There are a number of theories regarding the domestication of the horse. Although horses appeared in Paleolithic cave art as early as ca 30,000 BC, these were truly wild horses and were probably hunted for meat; how and when horses became domesticated is less clear. The most common date of domestication and use as a means of transport is c. 2000 BC, although in the Kurgan hypothesis the domestication of horses is dated as early as 4500 BC.
Incontrovertible evidence of domestication comes from archaeological finds of human artifacts connected with horses:
- depictions of horses used as mounts or draught animals
- equipment such as bits or other types of horse tack
- horse remains in archaeological context, particularly horses interred in human graves or showing other signs of ceremonial burial.

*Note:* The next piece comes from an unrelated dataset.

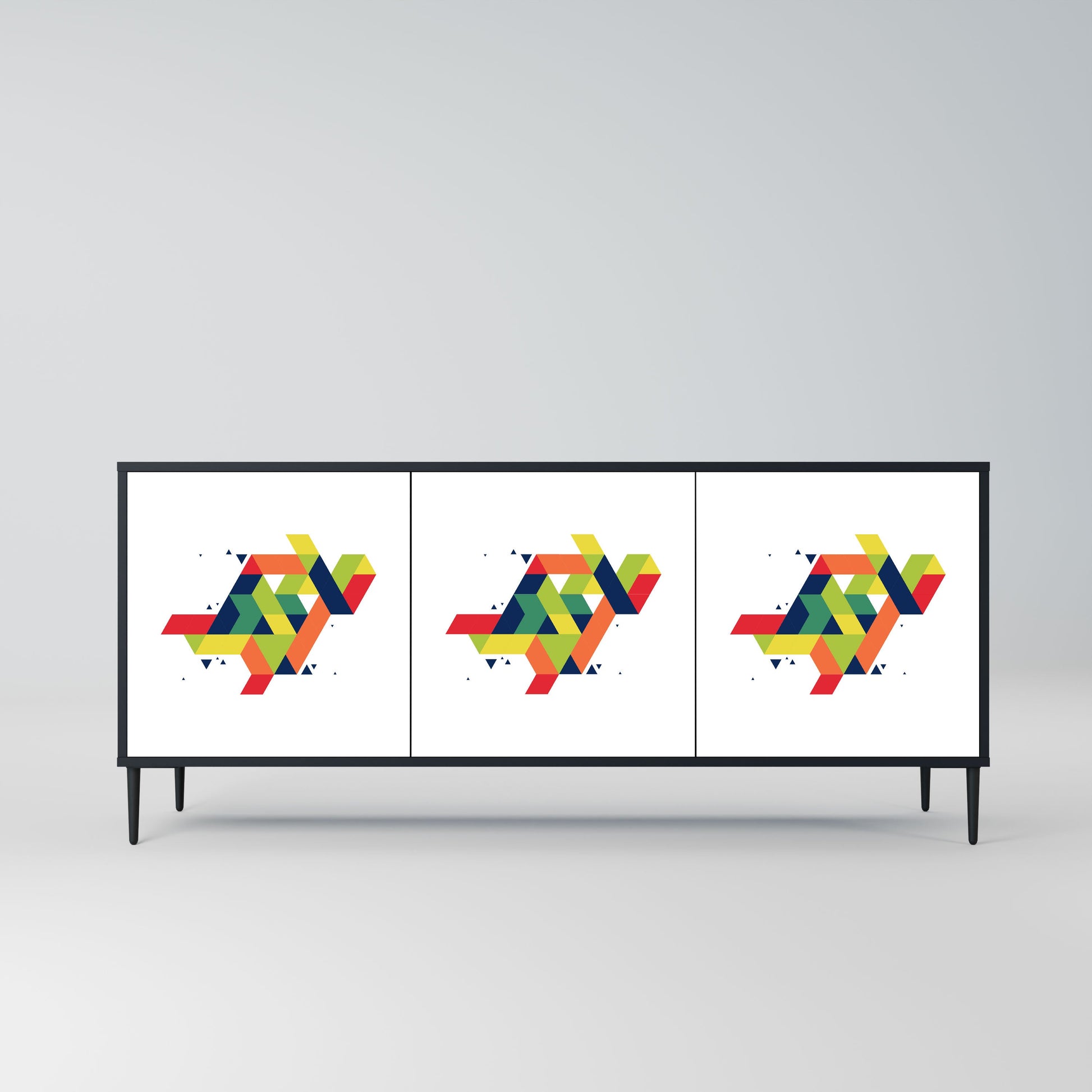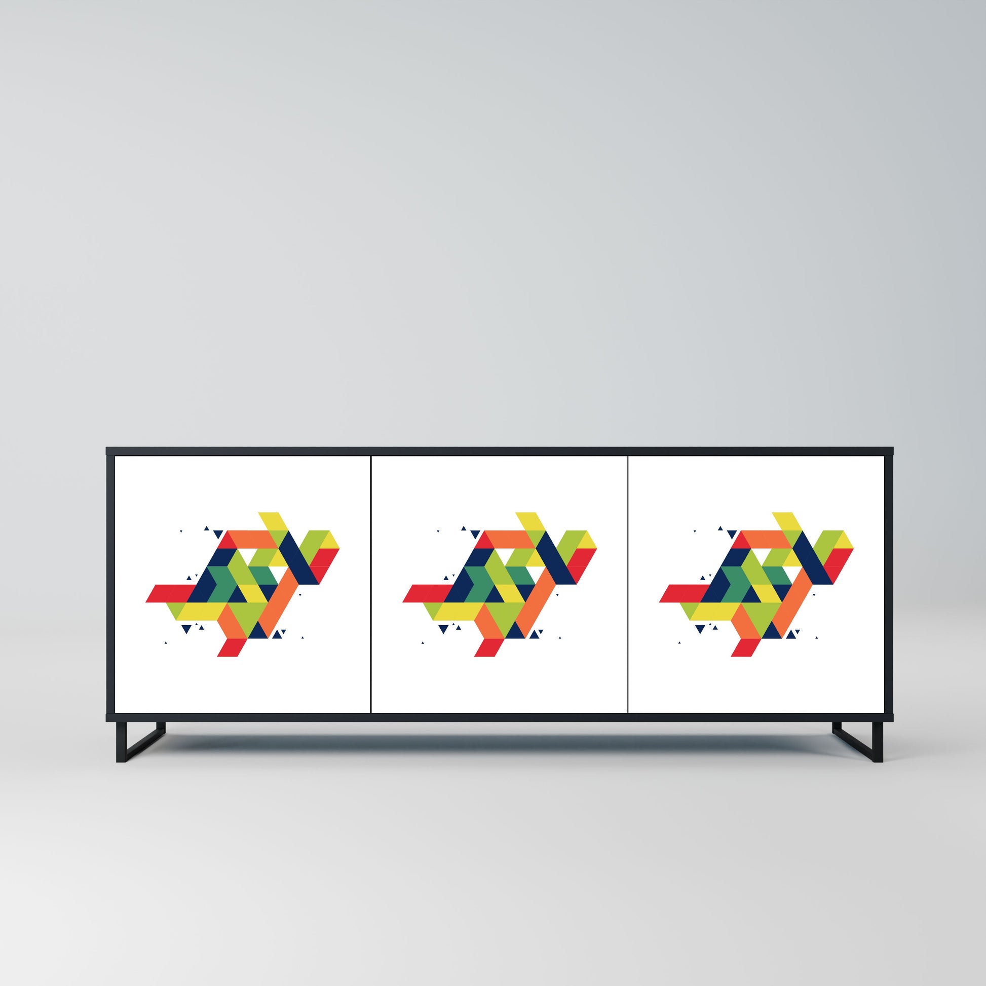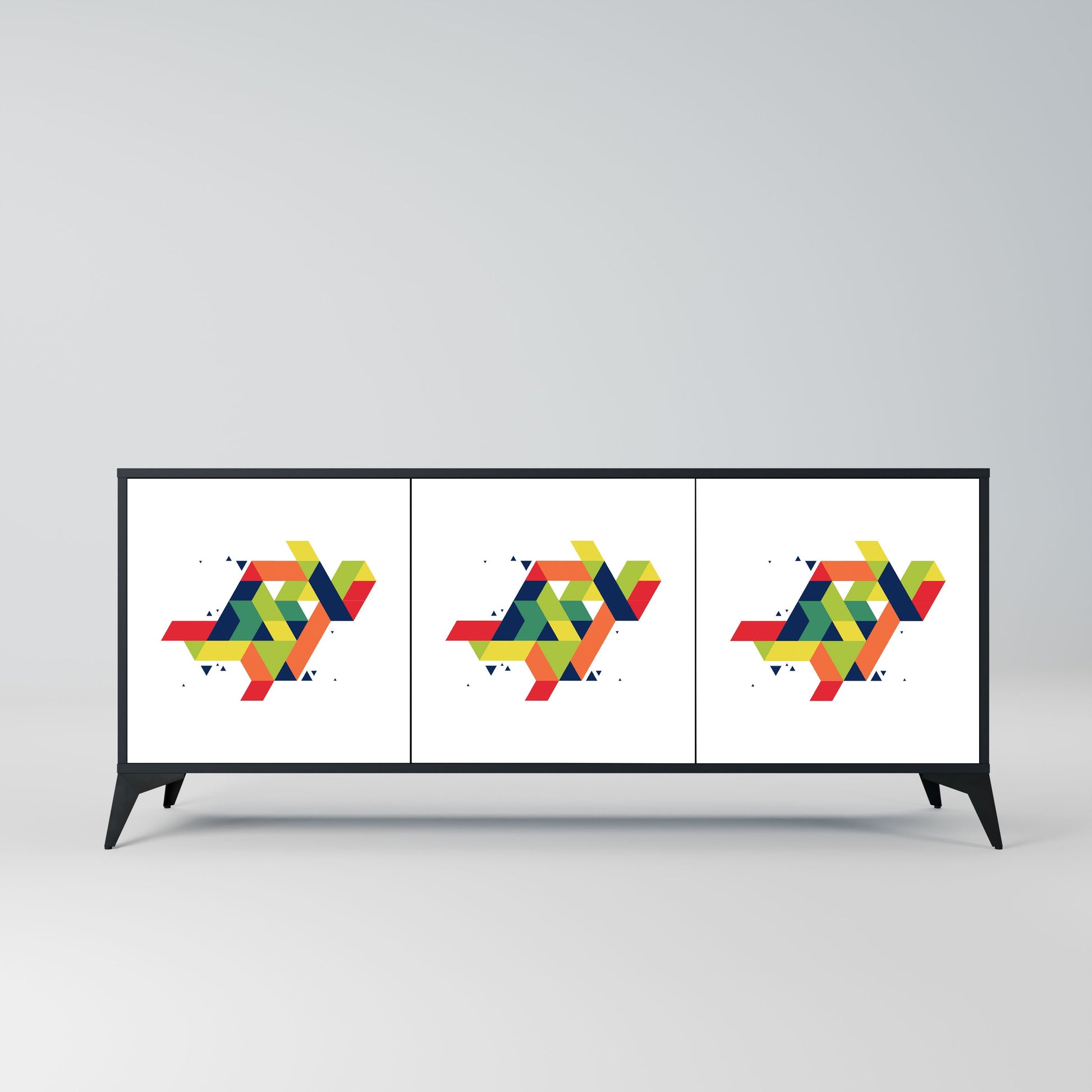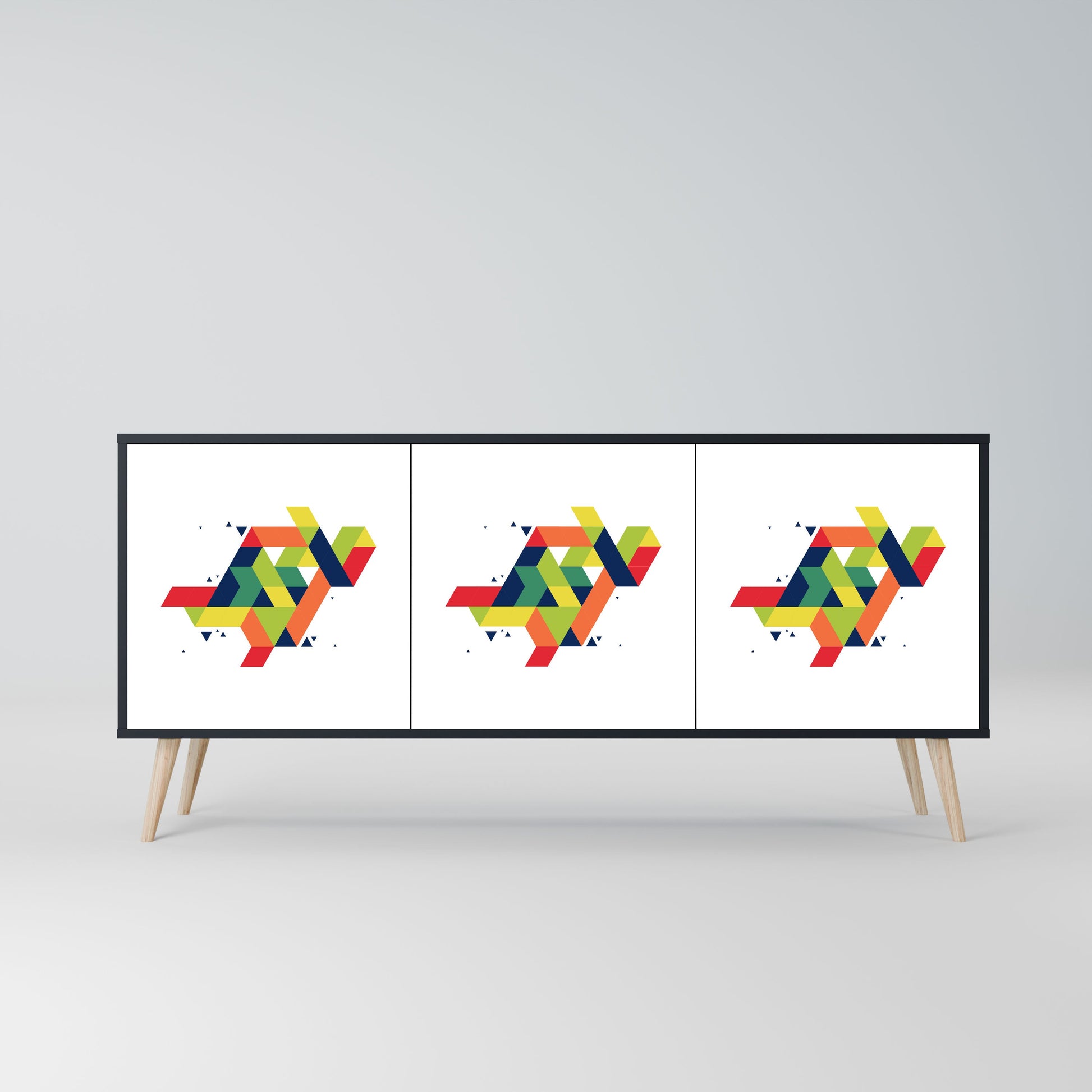 Eleganza e funzionalità in un unico mobile: la nostra credenza a 3 ante con corpo nero è la soluzione perfetta per gli amanti degli interni eleganti e moderni. Il corpo nero enfatizza il carattere audace del mobile, mentre i frontali con una stampa unica aggiungono un tocco artistico. Si adatta perfettamente al soggiorno, alla camera da letto o all'ufficio, completando sia gli arrangiamenti moderni che quelli industriali.
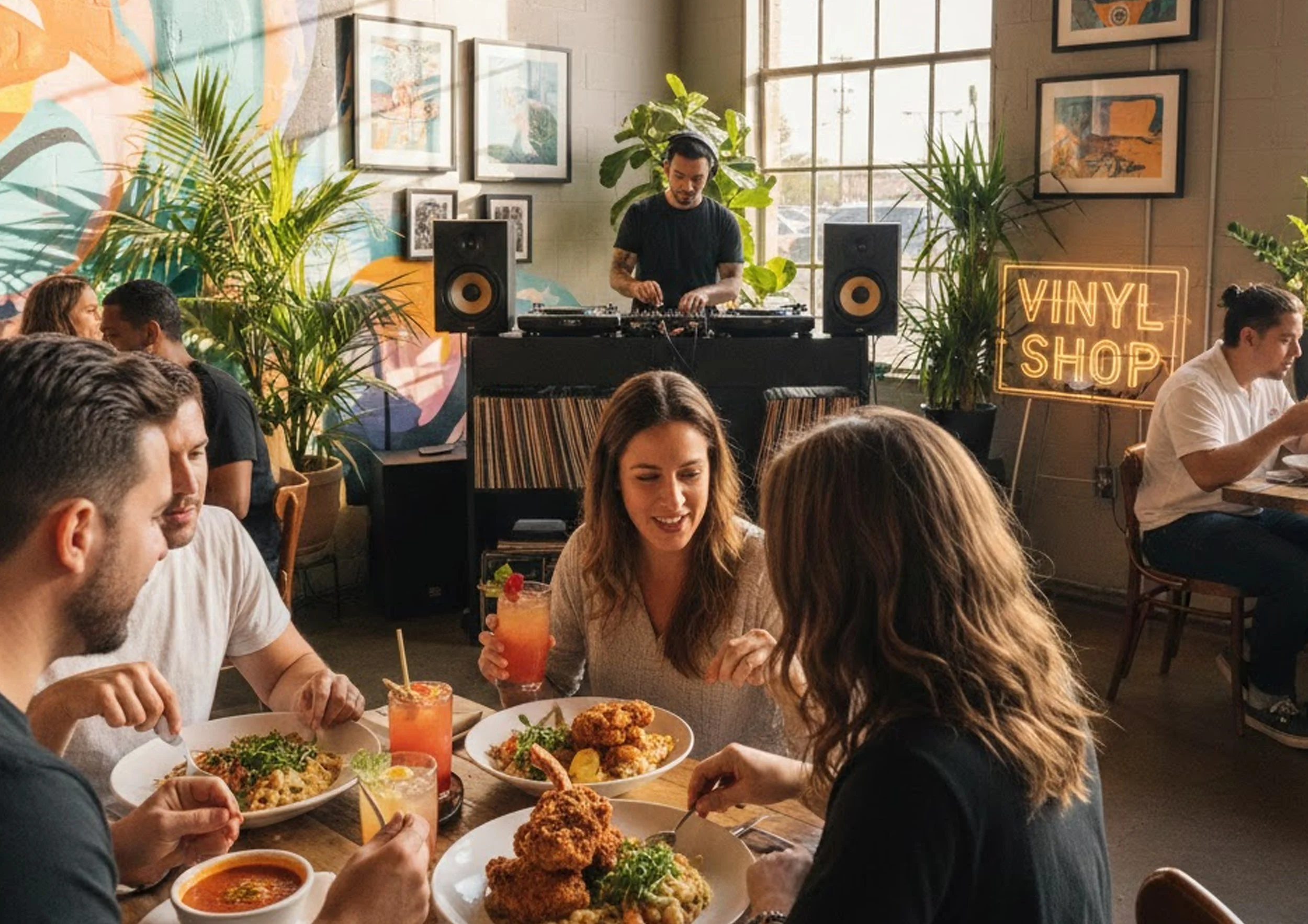 For those searching for weekend brunch near Jean with music, the Las Vegas Arts District has become a go-to destination for food lovers, vinyl enthusiasts, and creatives alike.

Studies of morphological features of existing animals compared to those of fossil remains (frozen remains, other preserved remains, and sub-fossils) led to the hypothesis that horses were domesticated in one small area of the great steppes of Eurasia, perhaps around the mid 5th millennium. The earliest archaeological evidence of domestication are bone bits and horse remains in human graves found in the eneolithic (5th millennium) Samara culture at the middle Volga. Interestingly, this same culture is suggested to correspond to the Proto-Indo-Europeans in the Kurgan hypothesis.
It remains for archaeology to find and excavate the sites that will tell us what happened. In historical times, the use of horses is nearly a diagnostic of Indo-European culture in the diaspora phase. It is certainly one if hardly the only way to account for the rapid spread of the Kurgan culture and the ease with which it seems to have gotten the upper hand over Pre-Indo-European cultures. For the most part, the forest-steppe region and the plains of Asia remain archaeologically unexplored, leaving room for future discoveries.
The earliest incontrovertible evidence of horses used as trained animals are the chariot burials of the Sintashta-Petrovka culture, dating to around 2000 BC.
The earliest evidence of horse domestication spreading outside regions that encompassed the wild horse's natural habitat is found in early depictions of horses as draught animals in the Ancient Near East, dating to ca. 1800 BC. These images showed harnessed horses controlled with nose rings, as was also the practice with the onagers (Equus hemionus) native to the Near East; horses controlled in such a manner could draw chariots in processions, but not in battle. Widespread introduction of the horse to the Near East coincides with the turmoil of the Kassite period from ca. 1600 BC.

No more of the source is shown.